In view of this, the object of the present invention is to provide a driving method for driving a liquid crystal display. The liquid crystal display of the present invention inserts a black frame within the frame time of the display frame, which can effectively solve the problem of afterimages caused by fast dynamic frame changes. The display area of the liquid crystal display of the present invention is divided into several scanning areas, the blank period is allocated to each scanning area, and all the pixels in the scanning area are turned into a dark state in the predetermined scanning time, so as to realize the purpose of inserting black frames, and can Solve the aforementioned problem of inconsistency in the brightness of the upper and lower half of the frame of the traditional liquid crystal display. The liquid crystal display proposed by the present invention can insert black frames within the frame time without increasing the frame update rate. However, those skilled in the art can know that the technique of increasing the frame update rate can also be combined to realize the driving method of the present invention.

According to the object of the present invention, a liquid crystal display is proposed to display a frame in a frame period, including M scanning areas, each scanning area includes several scanning lines, each scanning line corresponds to a column of pixels, and M is a positive integer. Wherein, the frame period includes M scanning area periods, respectively corresponding to each scanning area, and the scanning area period of each scanning area includes a plurality of line periods, and these line periods include a black line insertion period and a plurality of scanning line periods. When the black line insertion period of the S scan area period in the M scan area periods, the pixels corresponding to the scan lines of the (S+N) scan area of these scan areas are all turned into a dark state. In the scan line period of the scan area period, the scan lines of the S-th scan area are enabled. S is a positive integer less than or equal to M, and N is a positive integer less than or equal to M.

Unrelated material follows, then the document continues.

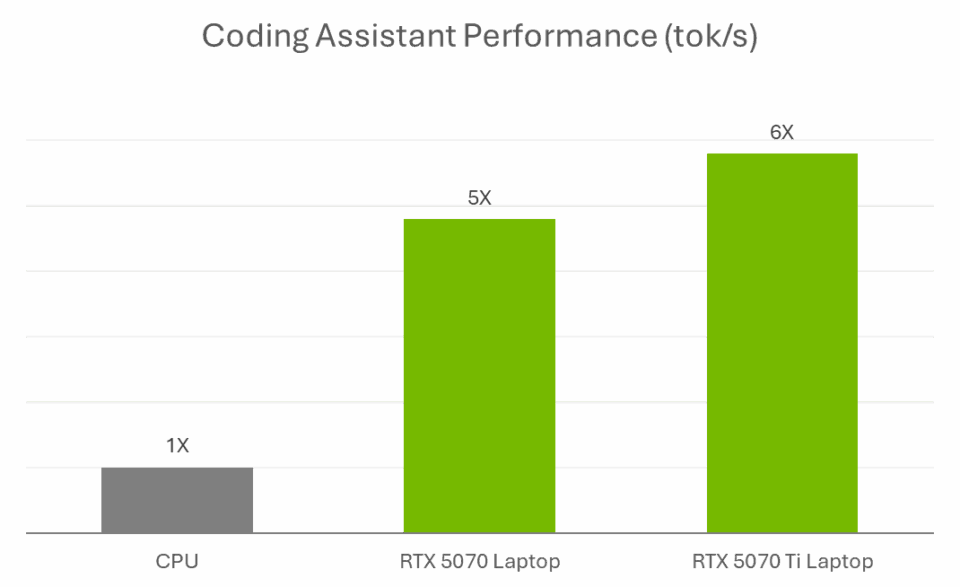 このレベルの応答性は、GPU アクセラレーションに依存しています。 Gemma 12B のようなモデルは、特に長いプロンプトを処理したり、複数のファイル間で作業する場合、計算負荷が高くなります。 ローカル環境で GPU なしで実行すると、簡単なタスクであっても遅く感じることがあります。RTX GPU により、Tensor コアはデバイス上で直接推論処理を高速化します。そのため、アシスタントは高速かつ応答性が高く、アクティブな開発ワークフローに追いつくことができます。
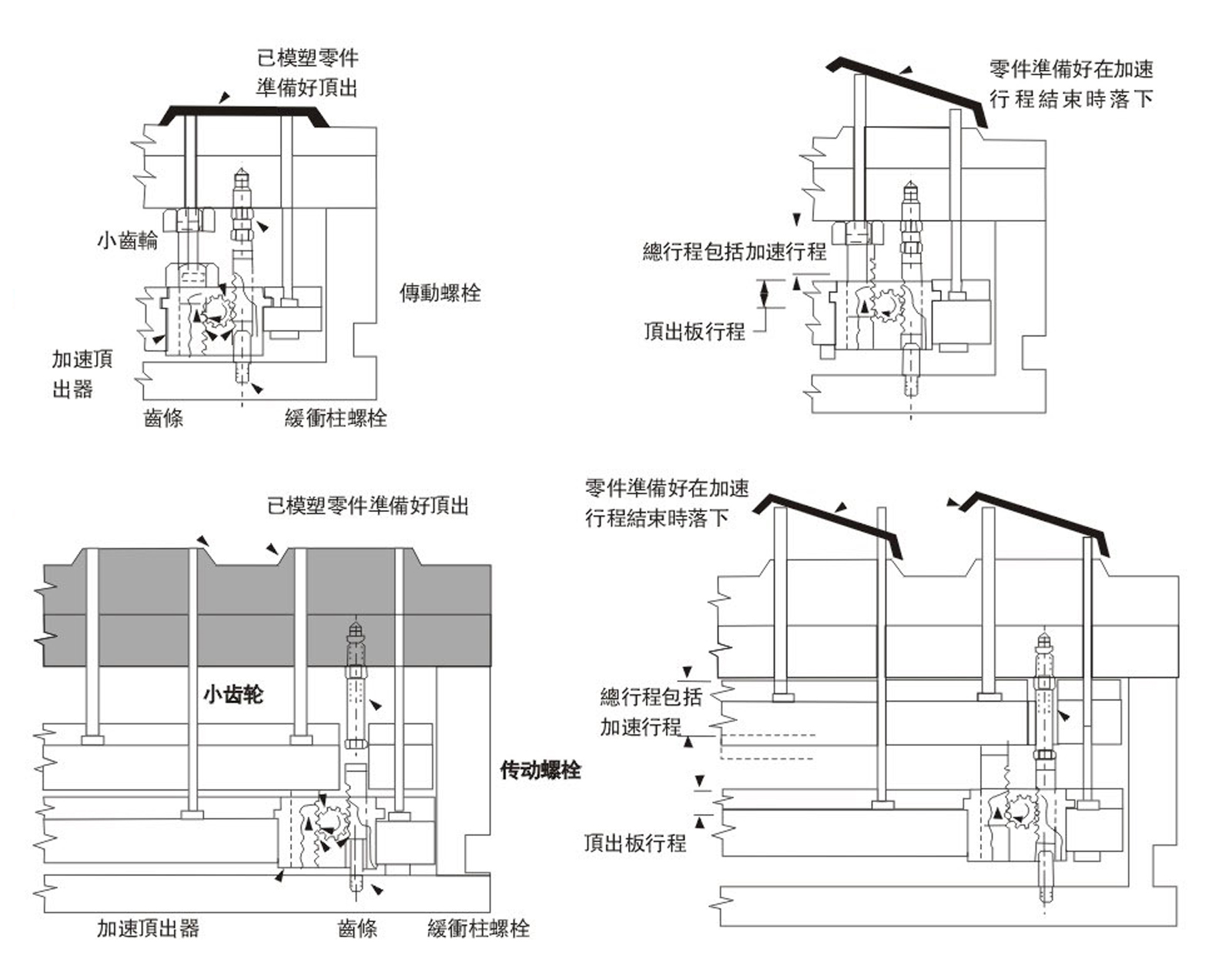 加速頂出器使用一個(gè)齒條一小齒輪結(jié)構(gòu), 以提供多達(dá)5/8英寸的額外頂針行程。它們簡單的直綫移動(dòng)可以用來增加頂針、頂針?biāo)就不蛘麄€(gè)頂出器組件的速度和行程。 這些裝置上的法蘭和圓角, 使之安裝在頂出器組件裏非常容易 。 穿過齒條部分的長方形可以防止其旋轉(zhuǎn)。 每個(gè)裝置還包括有一個(gè)緩沖柱螺栓。 該螺栓保證齒條在頂出器組件完全返回時(shí)也能肯定地返回。

According to the purpose of the present invention, a kind of driving method is proposed, used in the display, the display has a display area, the display area is divided into M scanning areas, each scanning area includes several scanning lines, and the period of displaying a frame in the display area is a frame Period, the frame period is divided into M scan area periods, corresponding to M scan areas, each scan area period includes a plurality of line periods, the line period includes a black line insertion period and a plurality of scan line periods, the method includes: In the black line inserting period of the S-th scanning area period, the pixels corresponding to the scanning lines of the (S+N)-th scanning area are turned into a dark state. Then, during the scan line period of the S-th scan zone period, the scan lines of the S-th scan zone are enabled. Wherein, M is a positive integer, S is a positive integer less than or equal to M, and N is a positive integer less than or equal to M.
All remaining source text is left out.